Соть - Леонид Леонов
Шрифт:
Интервал:
Закладка:
Везде рассовывая зерна, вызревшие в годы изгнания под манатьей монаха, он с восхищением и ужасом ждал ростков. В разрыхленную революцией сотинскую почву всякое можно было сеять, но уж не всякое дало бы небывалый урожай. Он все еще надеялся на что-то, но надежды его видоизменялись подобно облаку, которое формуют грозовые ветры. Россия виделась ему уже не прежней, могучей и сытой молодкой в архаическом шлеме, как ее рисовали на царских кредитках; теперь она представлялась по-другому: будто в кромешной провинциальной глуши сидят мертвые земские начальники и играют в винт. Их тоже не особенно обольщает зевотный стиль третьего Александра, и оттого так приятно помечтать о звездах, которые загорятся через триста лет – срок, вполне безопасный для их мышиного благополучия! Он не хотел назад, к мертвым, и вместе с тем его пугала ненастная весна, происходившая в стране. Был момент, когда в поисках нового позвоночника, который удержал бы его от окончательного падения, он готов был принять на себя эту почетную и тернистую обязанность: жить. Но в первом же разговоре Увадьев охладил его штурмовой упрощенностью своих воззрений: предку полагается иметь суровую и внушительную осанку. Ночами, пока Прокофий храпел, распятый на полатях тяжким мужицким забытьём, он слушал мерный скрежет чужого сна и думал о многих роковых различьях. Однажды Виссариону показалось, что духовному преображению его мешает культура, этот скорбный опыт мира; из-за нее одной он никак не мог заразиться наивной дерзостью молодых. Из этой никогда не утоленной зависти возникла и расцвела его нетерпимая идея.
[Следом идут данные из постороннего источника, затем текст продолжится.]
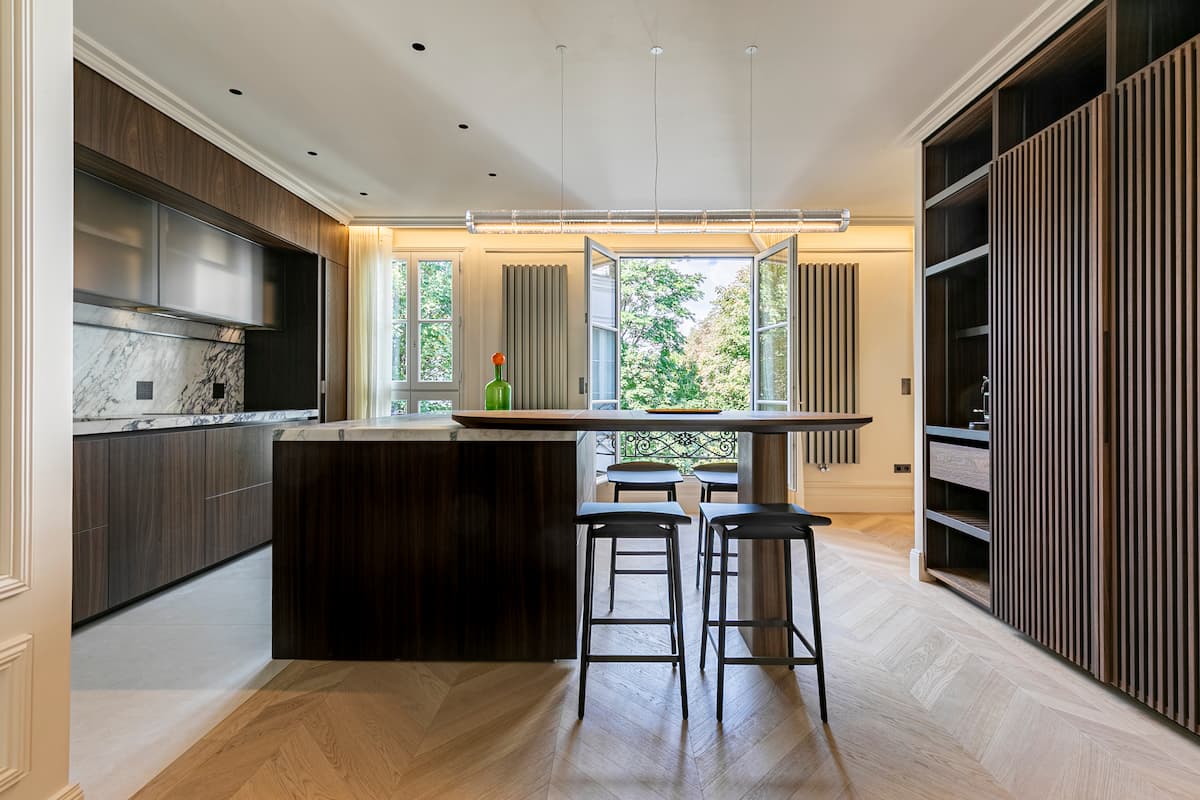 Les volumes généreux sont sublimés par des menuiseries sur mesure et un agencement fluide, où boiseries classiques et mobilier aux lignes épurées se répondent. Le séjour, lumineux et convivial, s’articule autour d’un aménagement central favorisant la circulation et l’échange.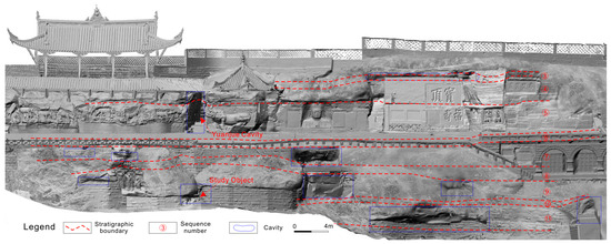 The weathering cavities are mainly distributed in the five layers of soft rock in the surrounding rock of the Yuanjue Grottos (Figure 3 and Figure 4), including the third layer of fine sandstone, the fifth layer of thin-layer fine sandstone, the seventh layer of pebbled fine sandstone, the eighth layer fine sandstone, and the ninth layer of mudstone. The width of the maximum cavity in the third layer of fine sandstone is 6.5 m, and the maximum depth is 1.6 m. The width of the maximum cavity in the fifth layer of fine sandstone is 2.3 m, and the maximum depth is 1.2 m. The width of the maximum cavity in the seventh layer of fine sandstone is 4.2 m, and the maximum depth is 12 m. The width of the maximum cavity in the ninth layer of fine sandstone is 2.7 m and the maximum depth is 3.1 m, which has been filled and repaired with stone strips. A certain scale cavity has also developed in the eleventh layer of the mudstone, with a maximum cavity width of 7.2 m and a maximum depth of 3.8 m, which has been filled and repaired with stone strips.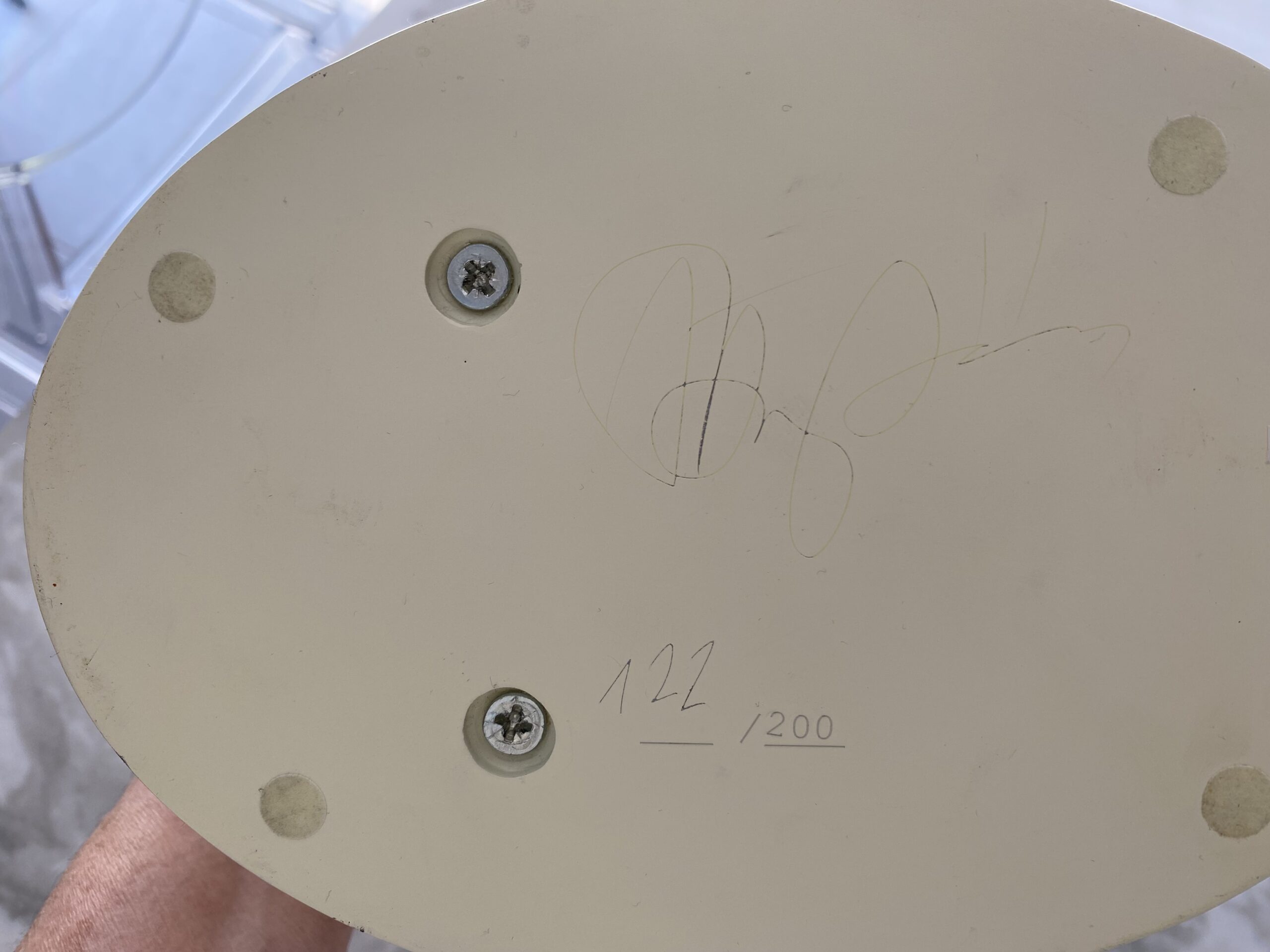 Résine acrylique blanc nacré et brun.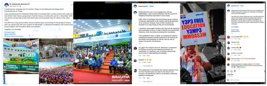 On Facebook, Mahama utilized Facebook Live sessions, branded as ‘Mahama Conversations’, to engage voters directly in real-time discussions about economic and educational policies. This interactive format allowed for two-way communication and reinforced his image as a candidate who was open to public discourse and policy debate. His use of infographics and detailed captions provided voters with clear explanations of his policy proposals and ensured that his messaging was both accessible and informative. Furthermore, his consistent hashtag usage created a coherent digital identity and made his campaign themes easily searchable and recognizable. On the other hand, Bawumia used Facebook primarily for event updates, such as project inaugurations, campaign tours, and past achievements (see Figure 6). His engagement was more one-directional, focusing on highlighting accomplishments rather than fostering dialogue. Additionally, his inconsistent hashtag usage weakened his campaign message and made it less unified across the platform.

В игре стал намечаться исход: мертвые тащили к себе недостающего партнера.
Для выполнения плана ему потребовалось стать мужиком, и тут начиналась интеллигентская трагикомедия опрощения; чудак, он радовался, привыкая к изжоге и клопу. Гомункул из душевного подвала уже враждебно поглядывал в верхний этаж, где еще продолжал владычить разум. Виссариону нравилось стравливать их, как собак, и наблюдать летящие в драке клочья; нижний одолевал, а верхний оскорбленно безмолвствовал. Тогда Виссарион усилил процесс и катализатором избрал любовь; она не догадывалась ни о чем, Катя, Пронькина сестра. Она легко пошла на уловку молодого и выделявшегося из деревенских женихов постояльца; ведь он не заставлял жертвовать главным для крестьянской девушки сокровищем. Матовым румянцем, изгибом великолепной шеи, ленивой полнотой груди, способной выкормить хоть дюжину сорванцов, она прельщала походя, а Виссариону нужны были как раз другие качества, определявшие социальный и биологический портрет девушки: ее аммиачный запах, смешанный с ароматом вспотевшей плоти, ее хваткие, знающие сотню деревенских ремесл руки, ее неизощренное ощущение бытия, позволявшее видеть только крупное в мире. Получался сложный мозговой заворот, и нижний жилец торжествовал. Этот сводник устраивал им удивительные свидания при луне и без таковой. Он заставил Виссариона купить в шонохском кооперативе дешевые духи для девушки, оставлявшие бурые пятна как на платье, так и на душе; возможно, нижний с отчаянием искал надежного кустика, могущею затормозить паденье…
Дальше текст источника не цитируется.